Fig. 383—Embryos of Sagitta, in three earlier stages of development. (From Hertwig.) A gastrula, B cœlomula with open primitive mouth, C the same primitive mouth closed, ua primitive gut, bl primitive mouth, g progonidia (hermaphroditic primitive sexual cells), cs cœlom-pouches, pm parietal layer, vm visceral layer of same, d permanent gut (enteron), st mouth-pit (stomodæum).
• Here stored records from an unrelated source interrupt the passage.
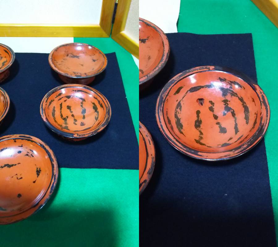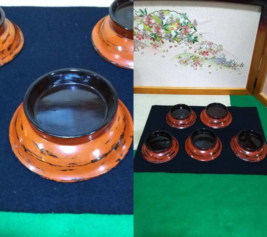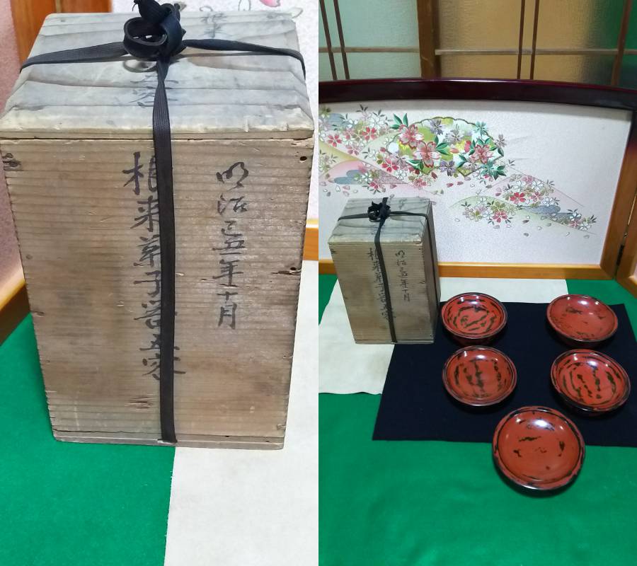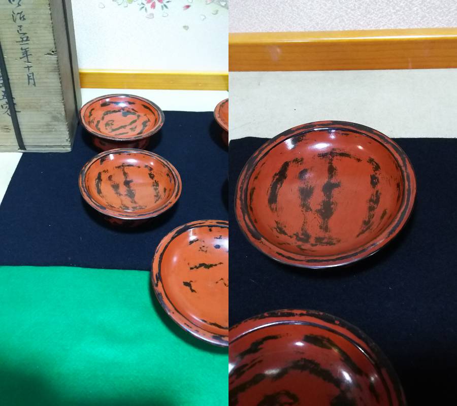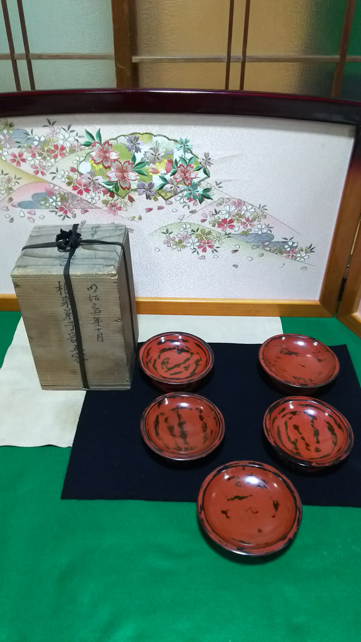 (鳥羽庵)うぶだし品神社仏閣時代品明治期根来塗菓子器5客セット時代箱付 商品サイズ径11、1センチ 高さ3,5センチ 商品状態説明神社仏閣時代品明治期根来塗菓子器5客セット時代箱付とても素敵な根来塗の菓子器1客時代高台微細削げ等ありますが後の4客状態もとても良い風合いがでてます。 詳しくは、写真ついてますので参照お願いします。(下にフォトアップ写真ついてますので参照お願いいたします。) 発送は、ゆうパックにて発送いたします。 落札後ヤフーシステム期間内すべて取り引きお願いします。
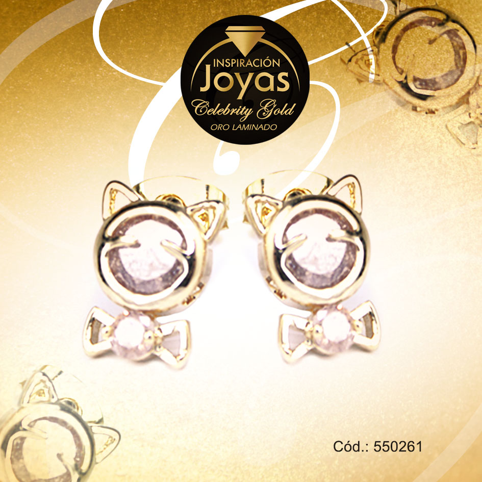 Zarcillo Celebrity Gold Tono Dorado Aleación Piedra Trancadero: Mariposa A: 1 cm L: 1 cm Gato Rosado – 550261
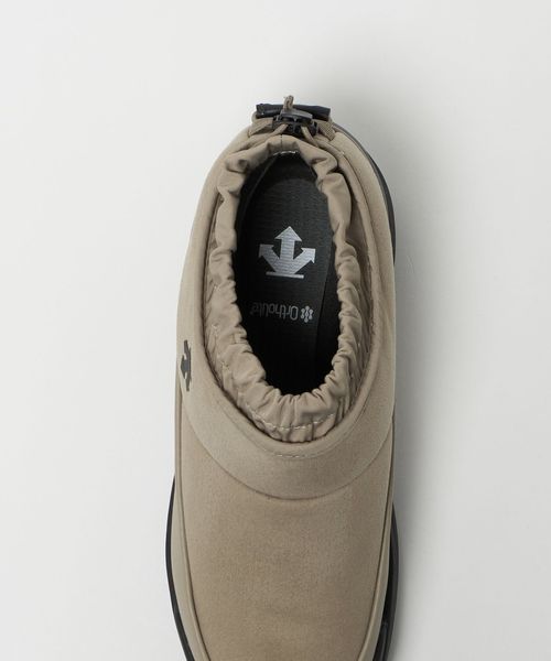 シューズ内側の肌に接する面にデサント社独自の蓄熱保温素材「HEAT NAVI」を、インソール表面には蓄熱素材の「ベルセラ」を使用し防寒性を向上させています。
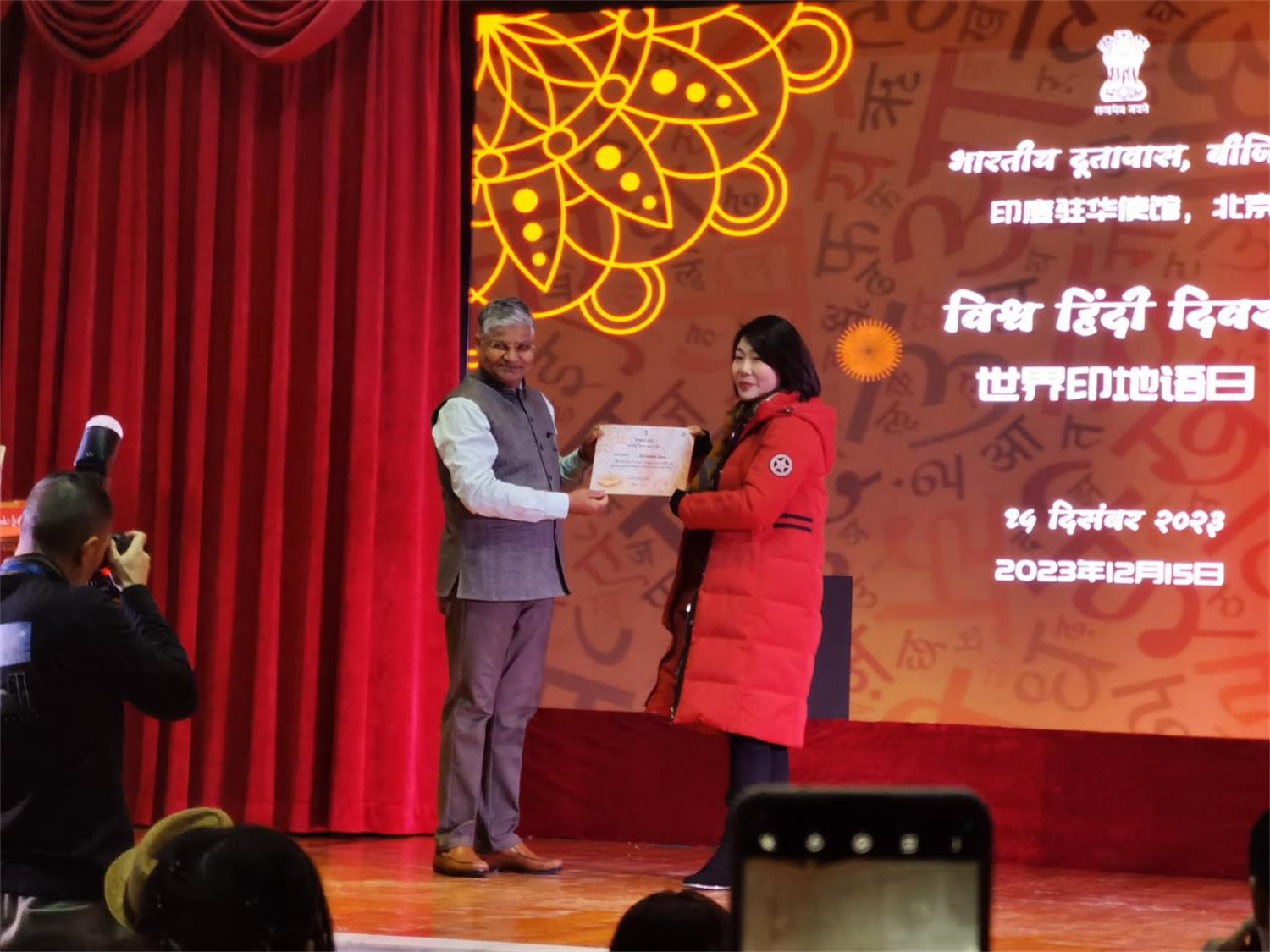 庆祝活动在印度驻华大使罗国栋(Pradeep Kumar Rawat)先生及学界前辈的致辞中拉开帷幕。庆祝活动包括“印地语诗歌朗诵比赛”和“印地语节目展演”等环节,来自北京大学、清华大学、北京外国语大学、中国传媒大学、北京第二开云官方网址等高校师生和中国国际广播电台国际在线印地语部记者以及在京印度留学生参加该庆祝活动。我院南亚学系印地语专业师生在活动中表现优异,取得佳绩:2021级印地语专业本科生李依诺在“印地语诗歌朗诵比赛”中获最佳表现奖,2021级和2023级印地语本科生的积极展演获得赞誉,我院印地语专业喜获“优秀组织奖”,印地语专业教师代表王靖、贾岩获“优秀指导奖”。
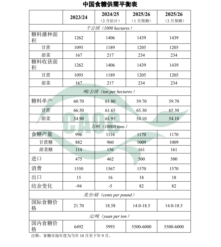 本月对中国食糖供需形势预测与上月保持一致。生产端,甜菜糖厂已有14家结束生产,甘蔗糖厂处于生产高峰。销售端,截至1月31日,广西、云南、广东分别累计销糖155.1万吨、53.2万吨、20.6万吨,同比分别下降34.9%、17.7%和28.9%。国际方面,全球市场仍延续供需宽松格局,后期需关注泰国食糖生产进度及巴西天气情况。
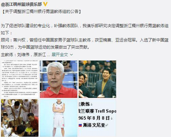 浙江稠州银行男篮教练组调整公告
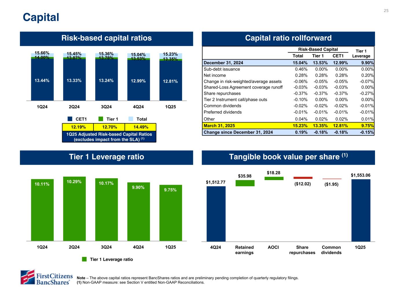 25 10.11% 10.29% 10.17% 9.90% 9.75% Tier 1 Leverage ratio 1Q24 2Q24 3Q24 4Q24 1Q25 Risk-based capital ratios Capital ratio rollforward Tier 1 Leverage ratio Tangible book value per share (1) Capital Risk-Based Capital Tier 1 Leverage Total Tier 1 CET1 December 31, 2024 15.04 % 13.53 % 12.99 % 9.90 % Sub-debt issuance 0.46 % 0.00 % 0.00 % 0.00 % Net income 0.28 % 0.28 % 0.28 % 0.20 % Change in risk-weighted/average assets -0.06 % -0.05 % -0.05 % -0.07 % Shared-Loss Agreement coverage runoff -0.03 % -0.03 % -0.03 % 0.00 % Share repurchases -0.37 % -0.37 % -0.37 % -0.27 % Tier 2 Instrument call/phase outs -0.10 % 0.00 % 0.00 % 0.00 % Common dividends -0.02 % -0.02 % -0.02 % -0.01 % Preferred dividends -0.01 % -0.01 % -0.01 % -0.01 % Other 0.04 % 0.02 % 0.02 % 0.01 % March 31, 2025 15.23 % 13.35 % 12.81 % 9.75 % Change since December 31, 2024 0.19 % -0.18 % -0.18 % -0.15 % 13.44% 13.33% 13.24% 12.99% 12.81% 14.00% 13.87% 13.78% 13.53% 13.35% 15.66% 15.45% 15.36% 15.04% 15.23% CET1 Tier 1 Total 1Q24 2Q24 3Q24 4Q24 1Q25 $1,512.77 $35.98 $18.28 ($12.02) ($1.95) $1,553.06 4Q24 Retained earnings AOCI Share repurchases Common dividends 1Q25 Note – The above capital ratios represent BancShares ratios and are preliminary pending completion of quarterly regulatory filings. (1) Non-GAAP measure: see Section V entitled Non-GAAP Reconciliations. 12.19% 12.70% 14.49% 1Q25 Adjusted Risk-based Capital Ratios (excludes impact from the SLA) (1) Capital data remains under review as we continue to complete internal validations
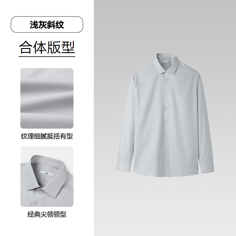 已选:HLA海澜之家斜纹长袖正装衬衫2025秋新款商务绅士尖领简约衬衣男HNCAD3J039A
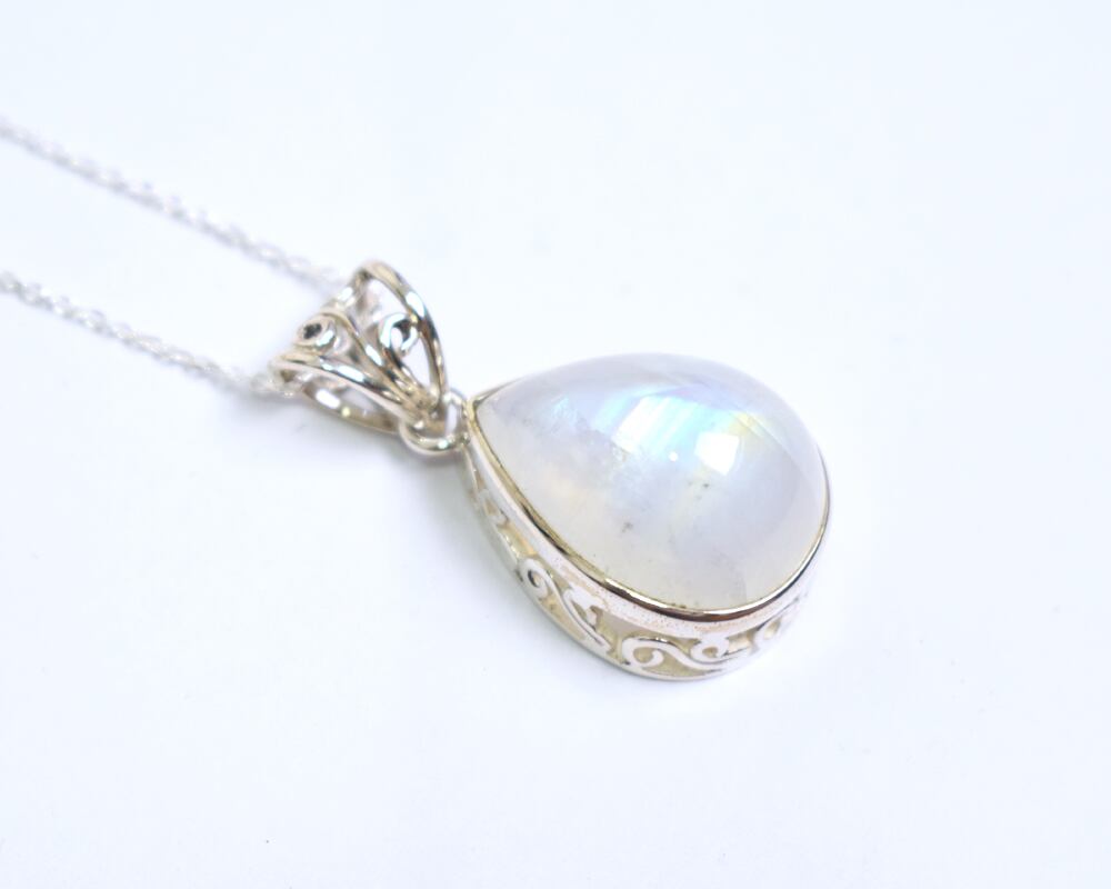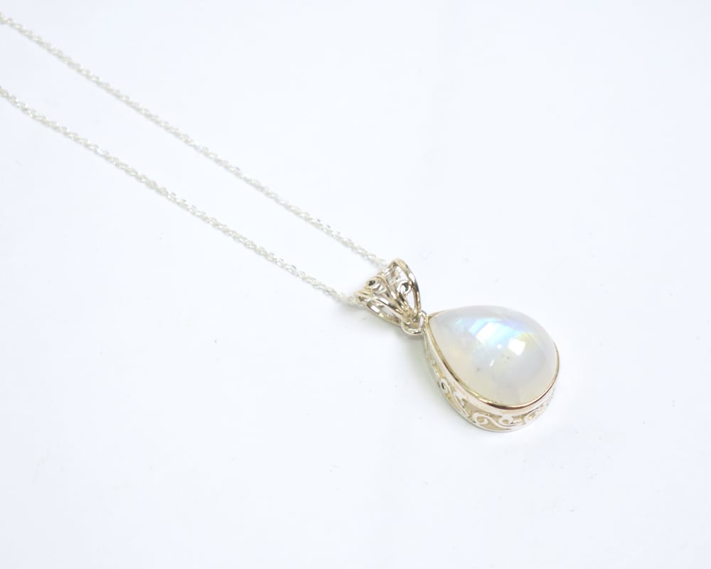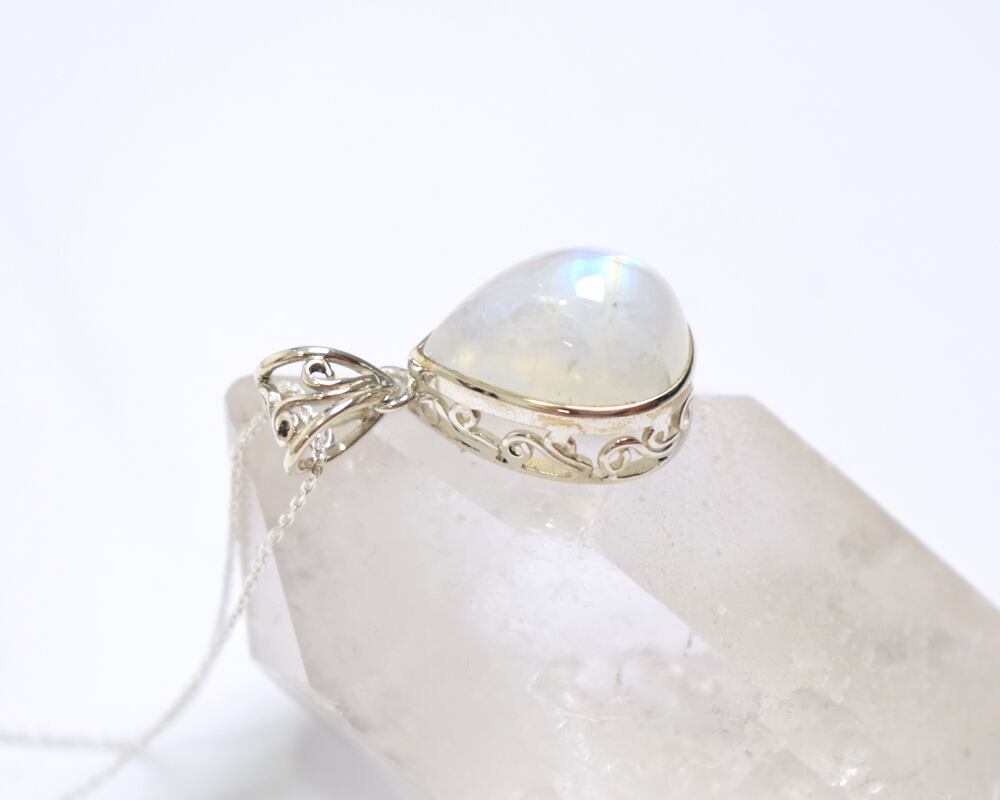 (鉱物名:ホワイトラブラドライト、流通名:レインボームーンストーン)

In the great majority of the Bilateria or Cœlomaria it is the mesoderm from which the gonads develop. Probably the first traces of them are the two large cells that appear at the edge of the primitive mouth (right and left), as a rule during gastrulation or immediately afterwards—the important promesoblasts, or “polar cells of the mesoderm,” or “primitive cells of the middle germinal layer” (p. 194). In the real Enterocœla, in which the mesoderm appears from the first in the shape of a couple of cœlom-pouches, these are very probably the original gonads (p. 194). This is seen very clearly in the arrow-worm (Sagitta). In the gastrula of Sagitta (Fig. 383 A) we find at an early stage a couple of entodermic cells of an unusual size (g) at the base of the primitive gut (ud). These primitive sexual cells (progonidia) are symmetrically placed to the right and left of the middle plane, like the two promesoblasts of the bilateral gastrula of the Amphioxus (Fig. 38 p). A little outwards from them the two cœlom pouches (B, cs) are developed out of the primitive gut, and each progonidion divides into a male and a female sexual cell (B, g). The two male cells (at first rather the larger) lie close together within, and are the parent-cells of the testicles (prospermaria). The two female cells lie outwards from these, and are the parent-cells of the ovary (protovaria). Afterwards, when the cœlom-pouches have detached from the permanent gut (C, d) and the primitive mouth (A, bl) is closed, the female cells advance towards the mouth (C, st), and the male towards the rear. The foremost pair of ovaries are then separated by a transverse partition from the hind pair. Thus the first structures of the sexual glands of the Sagitta are a couple of hermaphroditic entodermic cells; each of these divides into a male and a female cell; and these four cells are the parent-cells of the four sexual glands. Probably the two promesoblasts of the Amphioxus-gastrula (Fig. 38) are also hermaphroditic primitive sexual cells in the same sense, inherited by this earliest vertebrate from its ancient bilateral gastræad ancestors.